Python | OpenCV 與深度學習框架整合 — 實作範例

📑 目錄

📚 前言

在上一篇 OpenCV 與深度學習框架整合 中，我們把電腦視覺常見的術語與工具定位整理清楚——PyTorch、TensorFlow、Keras、YOLO、ResNet、MobileNet 各自是什麼、做什麼。
這一篇進入實作，直接用 PyTorch (ResNet18) 和 TensorFlow/Keras (MobileNetV2) 對影像進行分類，並整合 OpenCV 顯示結果。

🎨 範例圖片

來源：Pexels - Car Image，屬於無版權圖片，可自由下載與使用。
內容：圖片呈現沙漠場景，畫面主要為車輛，非常適合用來測試物件分類模型。
下載後將檔名改為 car.jpg，放到專案的 assets/ 目錄下。

🔎 原理說明

OpenCV：負責影像擷取、前處理與顯示。
深度學習框架：負責模型載入、推論與微調。
整合方式：框架輸出推論結果，OpenCV 負責繪製邊界框或文字。

📂 模型下載與使用說明

PyTorch

使用 torchvision.models 載入預訓練模型 (ResNet、MobileNet 等)。
可進行微調或自訂網路結構。

TensorFlow/Keras

使用 tf.keras.applications 載入預訓練模型 (MobileNetV2、ResNet50 等)。
API 友善，適合快速應用與部署。

🧠 函式與參數說明

📌 `torchvision.models.resnet18()`

載入 ResNet18 預訓練模型：

1	model = resnet18(weights=ResNet18_Weights.DEFAULT)

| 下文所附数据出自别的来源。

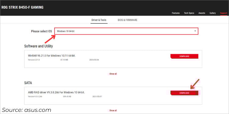 Para empezar, los controladores RAID están disponibles en ASUS y los de tu procesador (Intel o AMD) páginas de soporte. Si bien se supone que ambos son compatibles, es posible que no sean iguales para todos los sistemas.
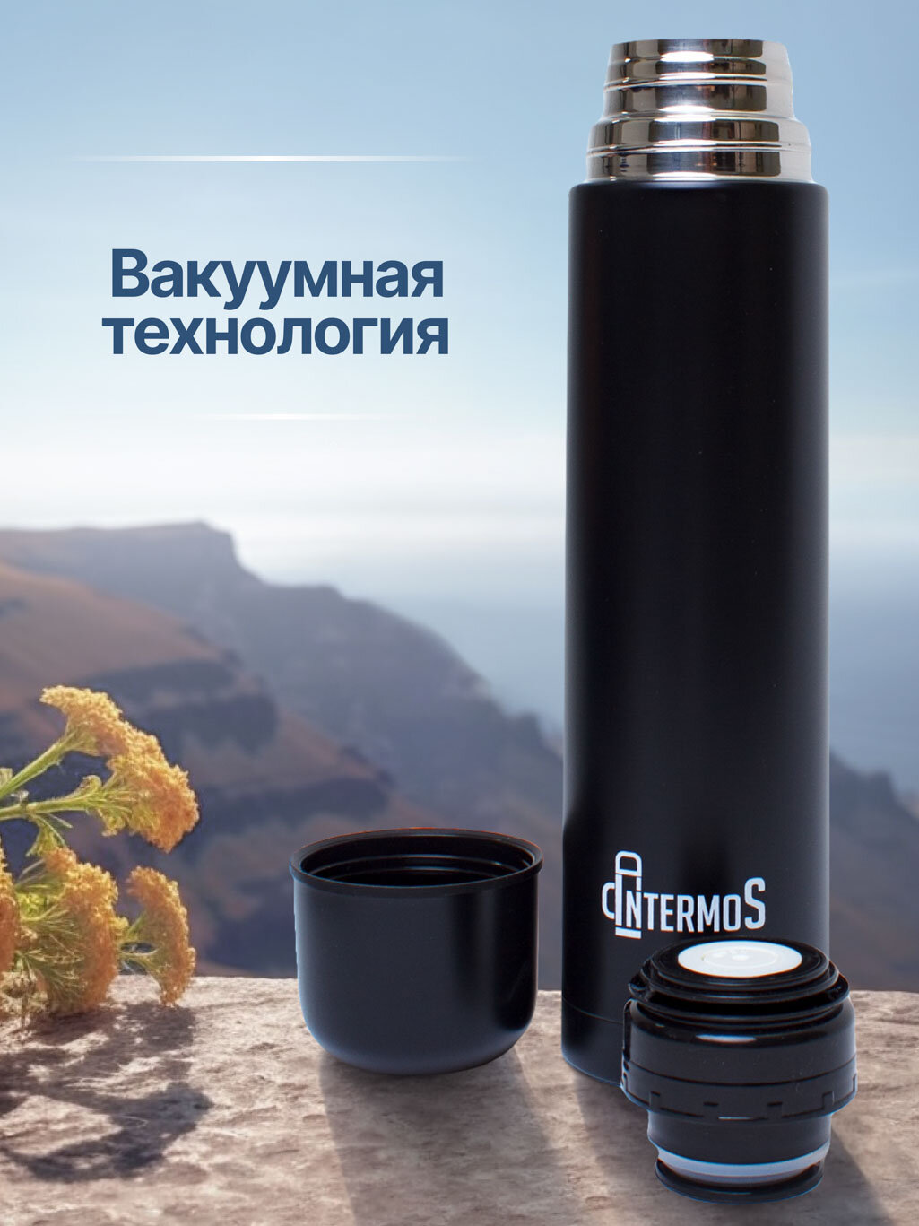 Термос Intermos классический с узким горлом с кнопкой, нержавеющая сталь, черный 1 литр интересное:

weights：預訓練權重，建議使用 ResNet18_Weights.DEFAULT 取代舊版的 pretrained=True，避免警告。

📌 `weights.transforms()`

取得官方推薦的前處理流程：‌‌‌‌‌‌‌‌‌‌‌‌‌‌‌‌‌‌‌‌‌‌‌‌‌‌‌‌‌‌‌‌‌‌‌‌‌‌‌‌‌‌‌‌‌‌‌‌‌‌‌‌‌‌‌‌‌‌‌‌‌‌‌‌‌‌‌‌‌‌‌‌‌‌‌‌‌‌‌‌‌‌‌‌‌‌‌‌‌‌‌‌‌‌‌‌‌‌‌‌‌‌‌‌‌‌‌‌‌‌‌‌‌‌‌‌‌‌‌‌‌‌‌‌‌‌‌‌‌‌‌‌‌‌‌‌‌‌‌‌‌‌‌‌‌‌‌‌‌‌‌‌‌‌‌‌‌‌‌‌‌‌‌‌‌‌‌‌‌‌‌‌‌‌‌‌‌‌‌‌‌‌‌‌‌‌‌‌‌‌‌‌‌‌‌‌‌‌‌‌‌‌‌‌‌‌‌‌‌‌‌‌‌‌‌‌‌‌‌‌‌‌‌‌‌

1	preprocess = weights.transforms()

會依模型訓練時的設定自動產生對應的 Resize、Normalize 等前處理步驟，不需手動指定參數。

📌 `torch.topk()`

取出機率最高的前 N 個類別：

1	top5 = torch.topk(probs, k)

probs：模型輸出經 softmax 後的機率向量。
k：取前幾個結果，例如 5。

📌 `MobileNetV2()`

載入 MobileNetV2 預訓練模型：

1	model = MobileNetV2(weights="imagenet")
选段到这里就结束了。